(RECORDS FOR THIS TASK begins)
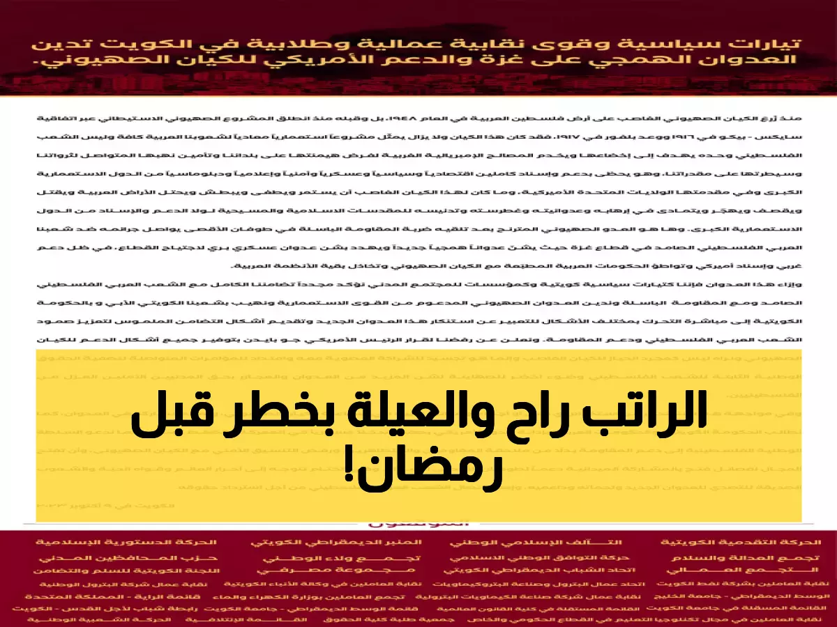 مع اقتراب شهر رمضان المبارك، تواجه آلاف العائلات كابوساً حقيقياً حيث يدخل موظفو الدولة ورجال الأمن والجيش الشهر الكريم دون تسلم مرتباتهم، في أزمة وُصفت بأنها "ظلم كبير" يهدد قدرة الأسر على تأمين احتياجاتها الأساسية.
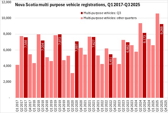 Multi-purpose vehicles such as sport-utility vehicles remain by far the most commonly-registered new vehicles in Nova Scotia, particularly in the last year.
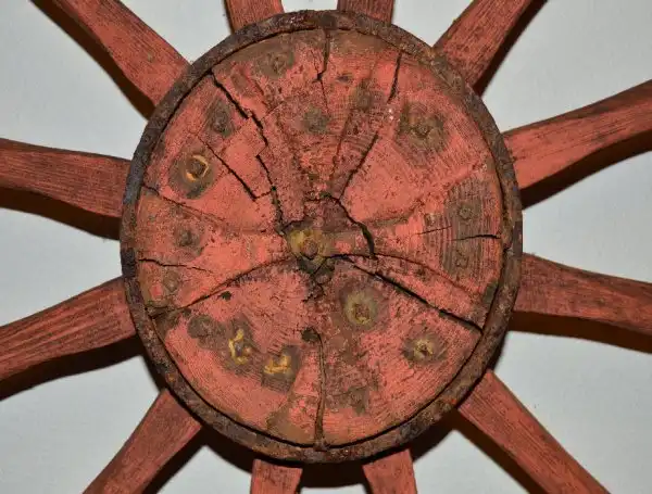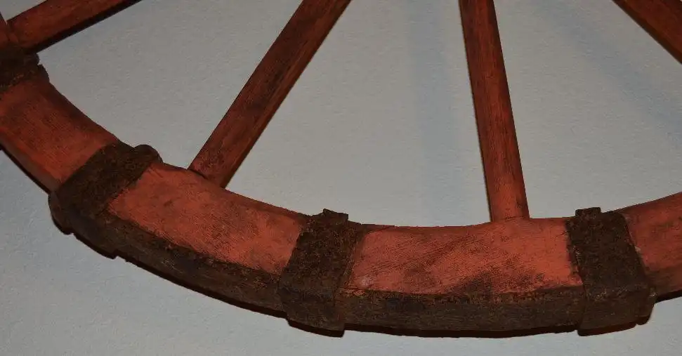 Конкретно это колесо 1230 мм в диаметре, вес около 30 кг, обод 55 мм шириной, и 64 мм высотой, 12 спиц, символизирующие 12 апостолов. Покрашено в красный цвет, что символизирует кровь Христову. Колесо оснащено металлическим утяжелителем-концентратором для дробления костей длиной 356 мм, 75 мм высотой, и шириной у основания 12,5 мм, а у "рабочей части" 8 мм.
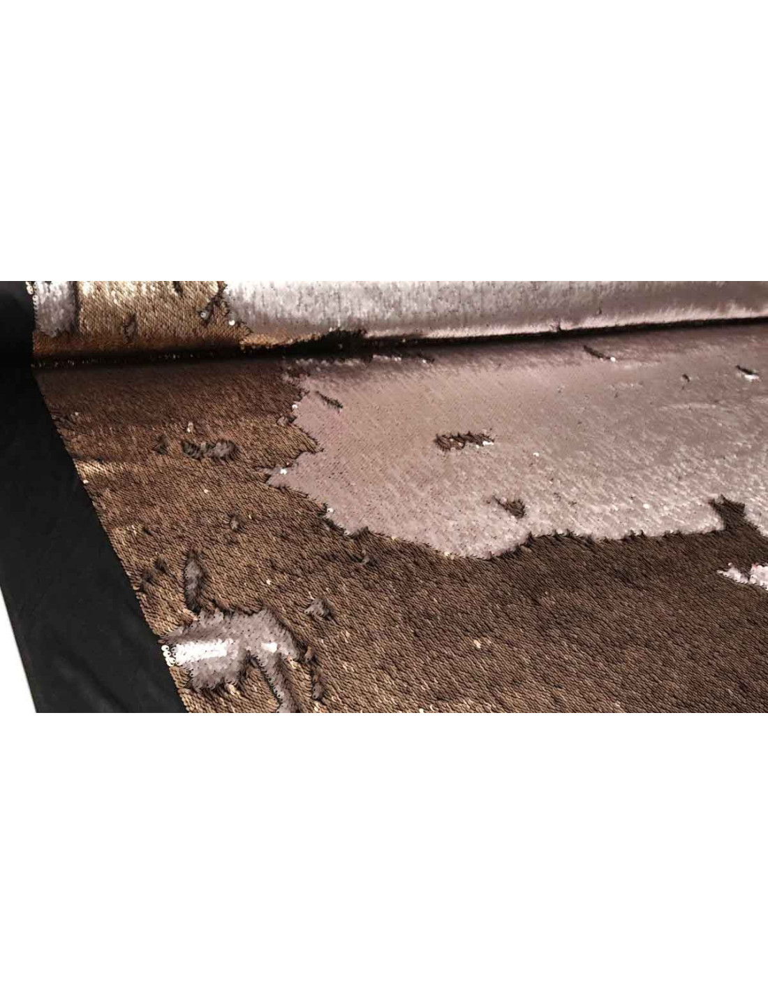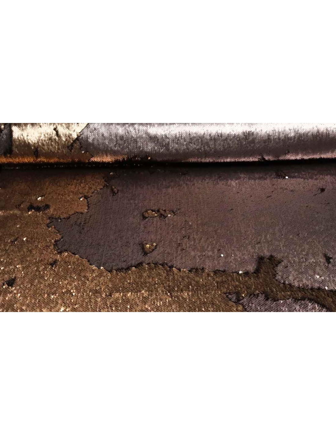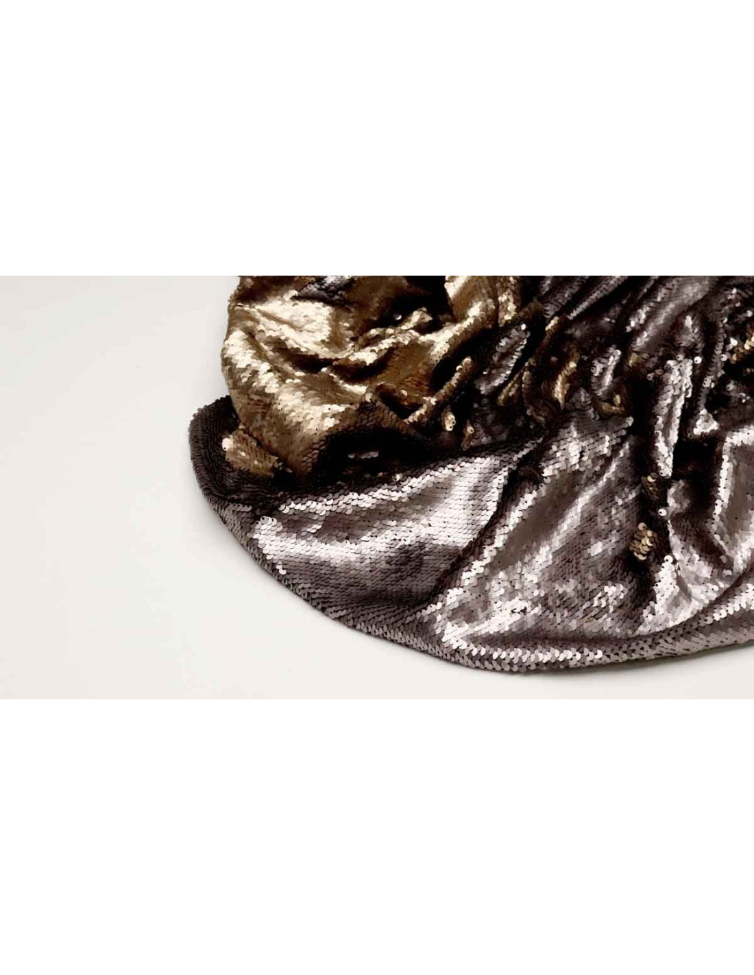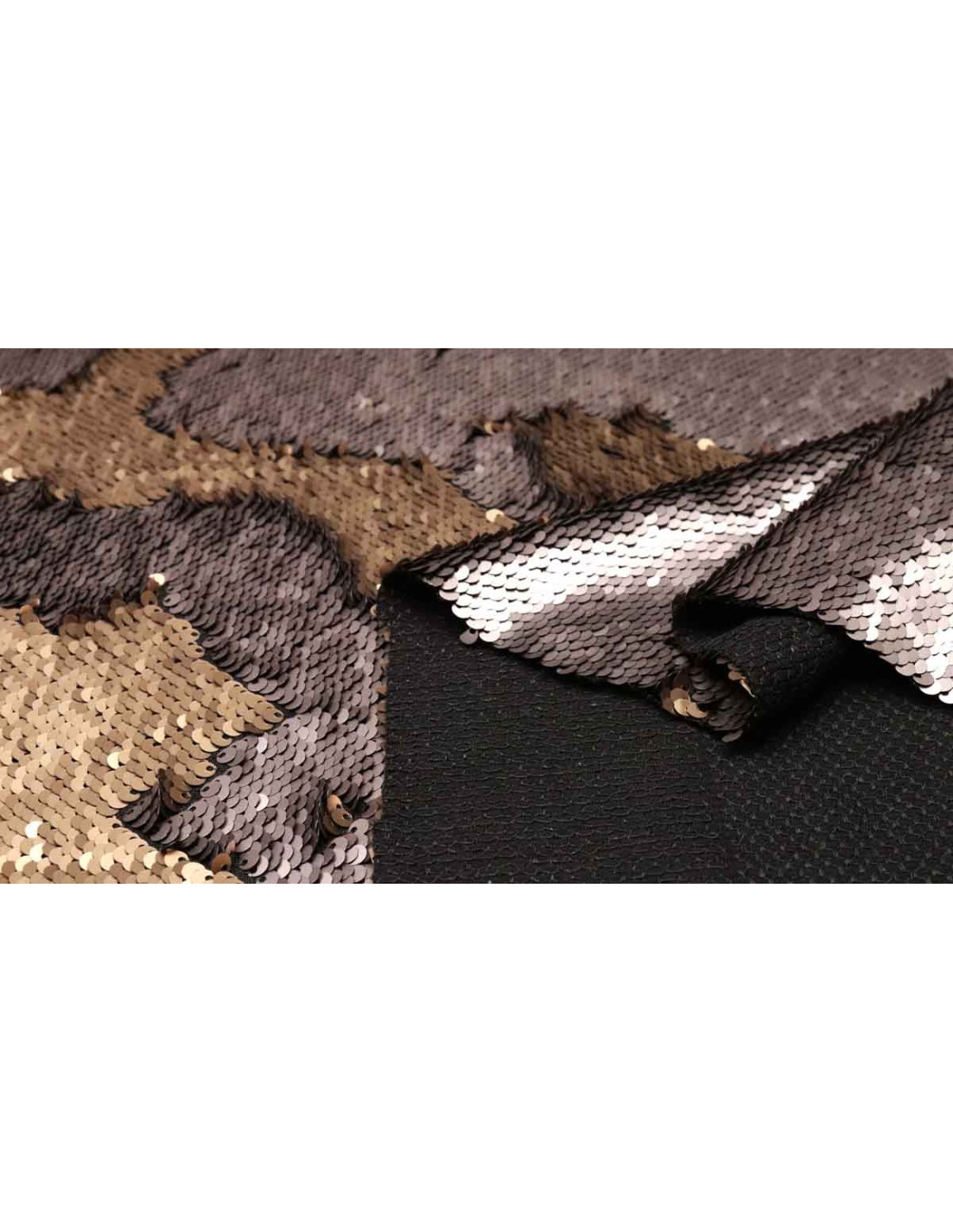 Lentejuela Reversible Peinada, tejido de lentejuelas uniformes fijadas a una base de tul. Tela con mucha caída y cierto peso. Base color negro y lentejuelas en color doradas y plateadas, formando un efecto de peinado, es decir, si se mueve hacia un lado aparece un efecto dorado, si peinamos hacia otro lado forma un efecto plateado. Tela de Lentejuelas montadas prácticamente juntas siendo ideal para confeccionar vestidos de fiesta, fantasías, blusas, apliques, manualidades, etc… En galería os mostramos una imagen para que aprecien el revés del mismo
(RECORDS FOR THIS TASK ends)
(RECORDS FOR THIS TASK begins)
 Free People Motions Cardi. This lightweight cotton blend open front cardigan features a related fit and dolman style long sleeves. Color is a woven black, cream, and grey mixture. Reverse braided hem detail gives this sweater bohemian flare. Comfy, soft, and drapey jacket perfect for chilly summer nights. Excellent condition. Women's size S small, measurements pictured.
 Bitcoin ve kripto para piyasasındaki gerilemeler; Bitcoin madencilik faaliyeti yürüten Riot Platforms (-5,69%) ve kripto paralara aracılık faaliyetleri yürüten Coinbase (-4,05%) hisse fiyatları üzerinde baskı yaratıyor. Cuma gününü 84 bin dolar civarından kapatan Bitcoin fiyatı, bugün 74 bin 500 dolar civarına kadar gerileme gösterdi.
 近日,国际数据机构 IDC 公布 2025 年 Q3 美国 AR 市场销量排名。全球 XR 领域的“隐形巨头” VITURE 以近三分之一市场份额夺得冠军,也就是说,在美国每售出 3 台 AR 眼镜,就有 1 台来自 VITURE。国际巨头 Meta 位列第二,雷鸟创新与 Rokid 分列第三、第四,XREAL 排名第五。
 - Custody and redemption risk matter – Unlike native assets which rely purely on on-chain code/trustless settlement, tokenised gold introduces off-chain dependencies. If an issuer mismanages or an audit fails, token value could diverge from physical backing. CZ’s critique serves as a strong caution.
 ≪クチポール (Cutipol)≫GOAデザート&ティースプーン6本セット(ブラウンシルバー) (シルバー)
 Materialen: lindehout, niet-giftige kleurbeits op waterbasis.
(RECORDS FOR THIS TASK ends)
(RECORDS FOR THIS TASK begins)
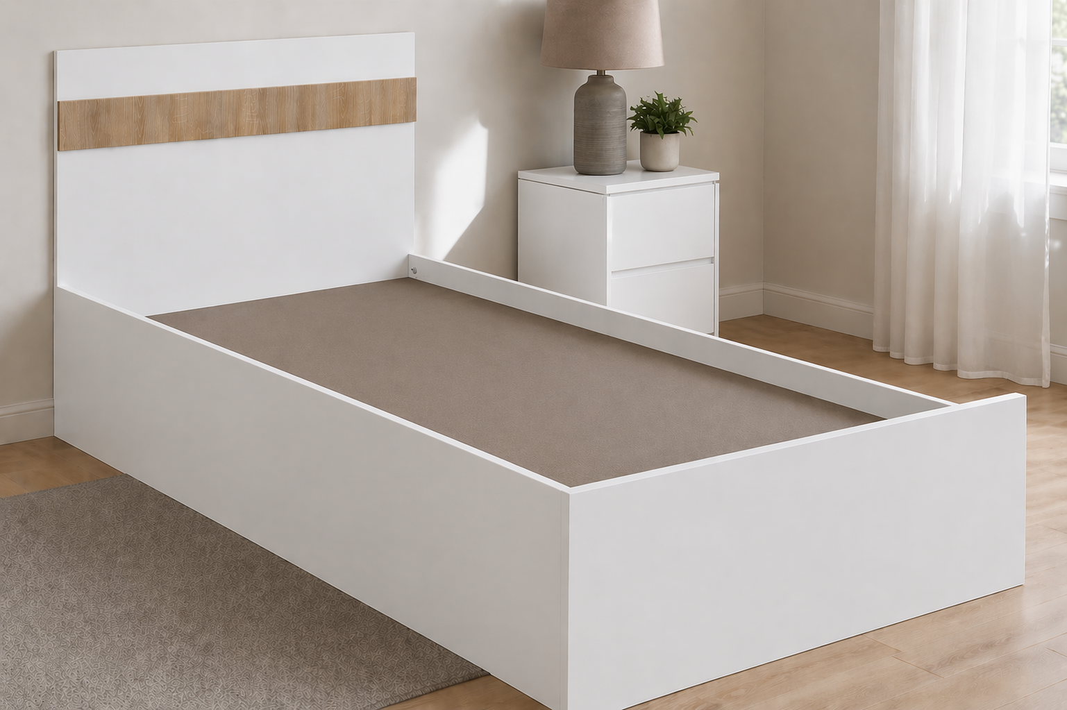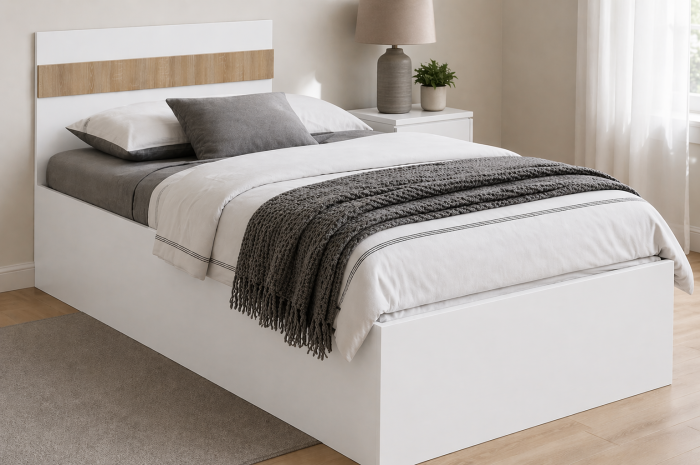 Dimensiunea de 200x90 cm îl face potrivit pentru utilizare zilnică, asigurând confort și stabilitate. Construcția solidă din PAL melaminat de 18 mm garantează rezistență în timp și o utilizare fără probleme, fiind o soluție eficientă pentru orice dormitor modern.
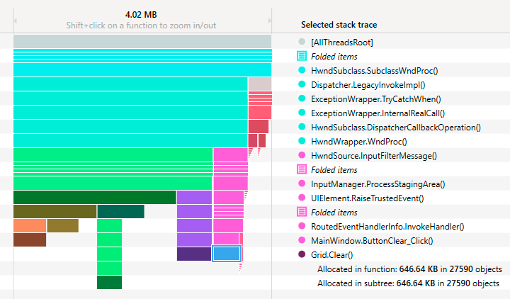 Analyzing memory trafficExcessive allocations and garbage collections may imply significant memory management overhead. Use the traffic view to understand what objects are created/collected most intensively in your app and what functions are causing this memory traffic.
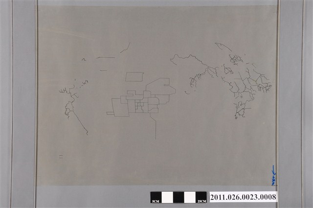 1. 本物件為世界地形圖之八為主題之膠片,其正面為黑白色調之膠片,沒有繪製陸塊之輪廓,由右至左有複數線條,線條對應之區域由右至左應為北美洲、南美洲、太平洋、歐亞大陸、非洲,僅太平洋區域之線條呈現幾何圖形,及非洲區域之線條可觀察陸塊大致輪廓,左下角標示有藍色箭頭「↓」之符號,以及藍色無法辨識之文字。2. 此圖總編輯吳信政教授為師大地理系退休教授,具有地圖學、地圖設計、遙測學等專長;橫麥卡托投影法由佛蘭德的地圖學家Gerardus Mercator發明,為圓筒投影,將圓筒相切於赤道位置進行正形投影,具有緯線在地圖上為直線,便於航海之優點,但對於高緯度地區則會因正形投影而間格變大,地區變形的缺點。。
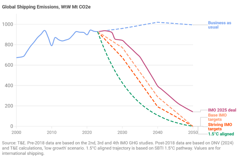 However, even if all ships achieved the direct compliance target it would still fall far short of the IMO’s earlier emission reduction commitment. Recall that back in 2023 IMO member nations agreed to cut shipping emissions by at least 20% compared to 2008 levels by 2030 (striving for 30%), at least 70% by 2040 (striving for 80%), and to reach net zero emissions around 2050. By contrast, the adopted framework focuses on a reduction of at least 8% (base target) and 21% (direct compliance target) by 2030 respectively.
(RECORDS FOR THIS TASK ends)
▸ PROBLEM TO SOLVE
From the records above, return exactly the lines running from the one that contains "Multi-purpose vehicles such" down to the one that contains "Lentejuela Reversible Peinada, tejido", both included, without any pictures.

▸ RESPONSE FOR THIS EXERCISE
 Multi-purpose vehicles such as sport-utility vehicles remain by far the most commonly-registered new vehicles in Nova Scotia, particularly in the last year.
 Конкретно это колесо 1230 мм в диаметре, вес около 30 кг, обод 55 мм шириной, и 64 мм высотой, 12 спиц, символизирующие 12 апостолов. Покрашено в красный цвет, что символизирует кровь Христову. Колесо оснащено металлическим утяжелителем-концентратором для дробления костей длиной 356 мм, 75 мм высотой, и шириной у основания 12,5 мм, а у "рабочей части" 8 мм.
 Lentejuela Reversible Peinada, tejido de lentejuelas uniformes fijadas a una base de tul. Tela con mucha caída y cierto peso. Base color negro y lentejuelas en color doradas y plateadas, formando un efecto de peinado, es decir, si se mueve hacia un lado aparece un efecto dorado, si peinamos hacia otro lado forma un efecto plateado. Tela de Lentejuelas montadas prácticamente juntas siendo ideal para confeccionar vestidos de fiesta, fantasías, blusas, apliques, manualidades, etc… En galería os mostramos una imagen para que aprecien el revés del mismo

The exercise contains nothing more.